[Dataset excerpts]
---

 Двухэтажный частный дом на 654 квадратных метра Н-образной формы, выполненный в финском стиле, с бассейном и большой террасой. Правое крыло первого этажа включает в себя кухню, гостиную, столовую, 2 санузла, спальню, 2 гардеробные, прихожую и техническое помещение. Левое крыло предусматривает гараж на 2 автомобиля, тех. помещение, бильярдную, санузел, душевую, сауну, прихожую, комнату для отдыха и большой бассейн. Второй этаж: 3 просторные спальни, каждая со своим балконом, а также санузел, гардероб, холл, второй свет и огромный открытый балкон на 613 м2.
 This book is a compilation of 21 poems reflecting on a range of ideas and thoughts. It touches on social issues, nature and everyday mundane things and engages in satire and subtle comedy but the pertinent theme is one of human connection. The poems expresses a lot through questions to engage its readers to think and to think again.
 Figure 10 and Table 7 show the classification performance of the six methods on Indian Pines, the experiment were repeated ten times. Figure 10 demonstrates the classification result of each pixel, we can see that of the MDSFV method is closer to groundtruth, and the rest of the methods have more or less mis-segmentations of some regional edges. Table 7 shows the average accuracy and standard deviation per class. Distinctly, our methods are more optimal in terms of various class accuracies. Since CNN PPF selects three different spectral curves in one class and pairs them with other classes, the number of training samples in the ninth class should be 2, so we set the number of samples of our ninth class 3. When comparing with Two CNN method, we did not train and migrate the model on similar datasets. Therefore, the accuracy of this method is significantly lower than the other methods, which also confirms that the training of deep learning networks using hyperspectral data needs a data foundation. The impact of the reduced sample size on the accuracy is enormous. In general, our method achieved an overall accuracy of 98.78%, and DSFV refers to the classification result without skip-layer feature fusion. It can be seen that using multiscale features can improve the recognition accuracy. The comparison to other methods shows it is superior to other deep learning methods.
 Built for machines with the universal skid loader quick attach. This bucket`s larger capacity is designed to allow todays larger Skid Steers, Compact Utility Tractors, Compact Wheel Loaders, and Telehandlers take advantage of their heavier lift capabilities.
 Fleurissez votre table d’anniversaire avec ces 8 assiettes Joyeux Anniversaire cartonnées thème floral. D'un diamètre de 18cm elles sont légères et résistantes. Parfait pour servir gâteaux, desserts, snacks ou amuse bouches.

---

▸ DIRECTIONS FOR THIS TASK: Repeat every record above precisely.

▸ YOUR RESPONSE:
 Двухэтажный частный дом на 654 квадратных метра Н-образной формы, выполненный в финском стиле, с бассейном и большой террасой. Правое крыло первого этажа включает в себя кухню, гостиную, столовую, 2 санузла, спальню, 2 гардеробные, прихожую и техническое помещение. Левое крыло предусматривает гараж на 2 автомобиля, тех. помещение, бильярдную, санузел, душевую, сауну, прихожую, комнату для отдыха и большой бассейн. Второй этаж: 3 просторные спальни, каждая со своим балконом, а также санузел, гардероб, холл, второй свет и огромный открытый балкон на 613 м2.
 This book is a compilation of 21 poems reflecting on a range of ideas and thoughts. It touches on social issues, nature and everyday mundane things and engages in satire and subtle comedy but the pertinent theme is one of human connection. The poems expresses a lot through questions to engage its readers to think and to think again.
 Figure 10 and Table 7 show the classification performance of the six methods on Indian Pines, the experiment were repeated ten times. Figure 10 demonstrates the classification result of each pixel, we can see that of the MDSFV method is closer to groundtruth, and the rest of the methods have more or less mis-segmentations of some regional edges. Table 7 shows the average accuracy and standard deviation per class. Distinctly, our methods are more optimal in terms of various class accuracies. Since CNN PPF selects three different spectral curves in one class and pairs them with other classes, the number of training samples in the ninth class should be 2, so we set the number of samples of our ninth class 3. When comparing with Two CNN method, we did not train and migrate the model on similar datasets. Therefore, the accuracy of this method is significantly lower than the other methods, which also confirms that the training of deep learning networks using hyperspectral data needs a data foundation. The impact of the reduced sample size on the accuracy is enormous. In general, our method achieved an overall accuracy of 98.78%, and DSFV refers to the classification result without skip-layer feature fusion. It can be seen that using multiscale features can improve the recognition accuracy. The comparison to other methods shows it is superior to other deep learning methods.
 Built for machines with the universal skid loader quick attach. This bucket`s larger capacity is designed to allow todays larger Skid Steers, Compact Utility Tractors, Compact Wheel Loaders, and Telehandlers take advantage of their heavier lift capabilities.
 Fleurissez votre table d’anniversaire avec ces 8 assiettes Joyeux Anniversaire cartonnées thème floral. D'un diamètre de 18cm elles sont légères et résistantes. Parfait pour servir gâteaux, desserts, snacks ou amuse bouches.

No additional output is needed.